Виталий выглянул в коридор. На лице его, еще секунду назад безмятежном, проступила знакомая виноватая гримаса. Это было выражение лица человека, который знает, что сейчас будет буря, но надеется пересидеть её в окопе.
— Ну… Нин, ну это же Лариска. Ты же её знаешь. Простая душа.
— Простая? — Нина хмыкнула, открывая холодильник, чтобы просто посмотреть на холодную пустоту и успокоиться. — Виталик, «простая душа» — это когда человек просит соли в долг. А когда тебе диктуют меню за три дня до праздника, не спросив, дома ли мы вообще — это называется наглость, граничащая с хамством. С языком, Виталик! Ты видел, сколько говяжий язык стоит? Как крыло от «Боинга»!
— Ну дети же… — промямлил муж.
— Дети! Твоим племянникам по шестнадцать лет, Виталий! Они чипсы с беконом жрут так, что за ушами трещит, и запивают энергетиками, от которых даже у тараканов тахикардия начнется. А тут, видите ли, свиной язык им не по фэн-шую!
Нина захлопнула холодильник. Внутри закипало то самое холодное бешенство, которое знакомо каждой женщине, на чьи плечи пытаются взвалить обслуживание чужого праздника.

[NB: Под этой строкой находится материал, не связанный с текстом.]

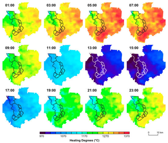Last but not least, the change of Antwerp’s HD spatial patterns during the course of a day is presented in Figure 7. The HD of this figure refers to the time period between 1 October and 31 March—when the most heating is needed (used in [15])—and are equal to the pixelwise sum of the corresponding 1 × 1 km hourly HD. In agreement with Figure 6, the HD peak is at around 06:00 UTC and is at a minimum around 15:00 UTC. The HD spatial patterns are strongest during the nighttime and the least pronounced during daytime. The rural areas south and east of Antwerp exhibit the highest HD values, especially between 03:00 and 07:00 UTC, while the port area of Antwerp and the areas adjacent to the River Scheldt exhibit the lowest HD values throughout the day. According to Figure 7, at noon (11:00–15:00 UTC) the nine municipal districts of Antwerp exhibit similar HD values and no distinct major spatial features. Antwerp’s HD spatial patterns start to strengthen after 19:00 UTC and peak at around 07:00 UTC. In particular, the HD of the municipal districts of WI, BE, and BO, which are located at the southern side of Antwerp’s municipality (see Figure 3 or Figure 4) increase faster than that of the other municipalities; they peak at a higher value and have higher HD values with respect to the other districts throughout the night. This is attributed to the lower intensity of the UHI effect near the city outskirts. Similarly, the municipal districts of EM, ME, and DE, which are located at the eastern side of the municipality, also have high HD values throughout the night. On the other hand, the district of Antwerp, which is located at the center of the city and includes most of Antwerp’s port area, has the lowest HD values throughout the day. To that end, at nighttime there is a clear difference between the residential and port area HDs, which most probably is due to UHI effects and the presence of water at the port area.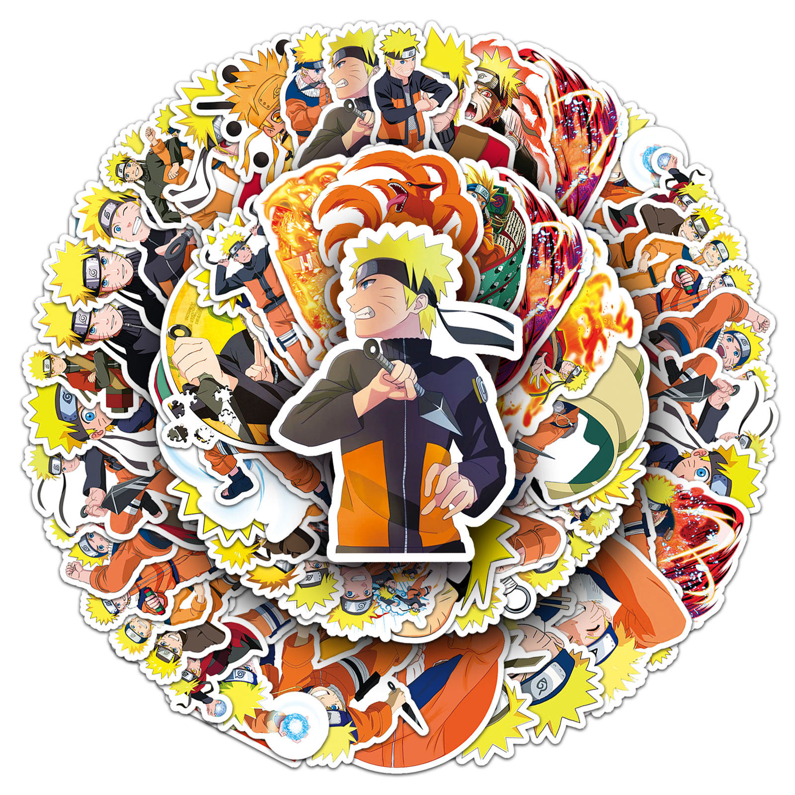 100张鸣人九尾Q版贴纸火影忍者日漫周边卡通图案行李箱头盔保温杯充电宝手机壳装饰撕下无痕防水贴纸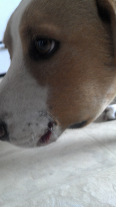 This is a picture of a Dog belonging to a friend in Colorado. It was bitten by a rattler and you can see by the swelling that it was not a dry bite. They have a lot of rattlers on their property and their dogs have been saved several times by shocking. When there is swelling the pain from a shock is not as noticeable I have found... it still hurts though
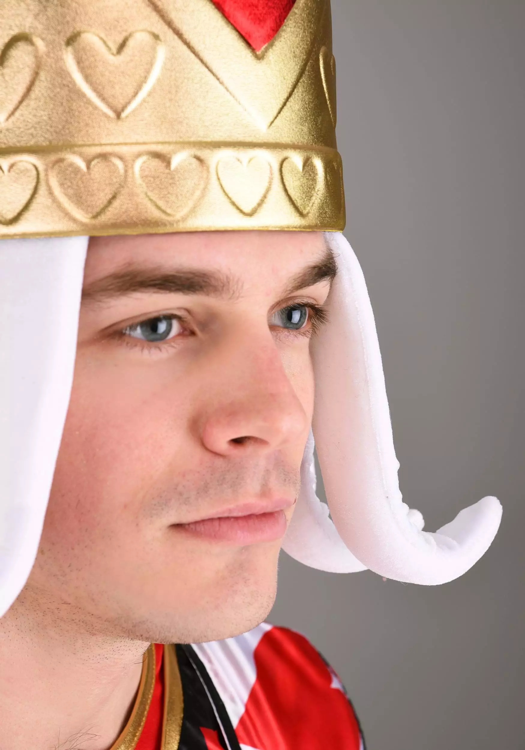 This classy crown will make it clear that you’re the King of Hearts. The crown creates heart silhouettes with shiny red hearts for accents. Heart shapes are stamped throughout for extra detail. Curls of plush white curls to create kingly hair completes this royal look. Those who want to rock their own do can peel the plush hair off the crown with a strip of hook and loop fastener. Complete your look with any of our King of Hearts costume to make yourself look right at home on a throne in your kingdom of cards!

Финансовая ситуация в семье была, мягко говоря, «стабильной». То есть денег стабильно не хватало. Нина, работая главбухом в маленькой строительной фирме, умела сводить дебет с кредитом, но кредит на ремонт кухни и ипотека за однушку, которую они брали «на будущее» (а по факту сдавали, чтобы гасить проценты), съедали львиную долю бюджета. Премия в этом году была символической — директор выдал по конверту и коробке конфет, срок годности которых истекал аккурат под бой курантов.
— Может, скажем, что мы уезжаем? — с надеждой спросила Нина, глядя на мужа.
Виталий отвел глаза.
— Нин, я не могу. Она сказала, что они уже билеты на электричку взяли. И подарки купили.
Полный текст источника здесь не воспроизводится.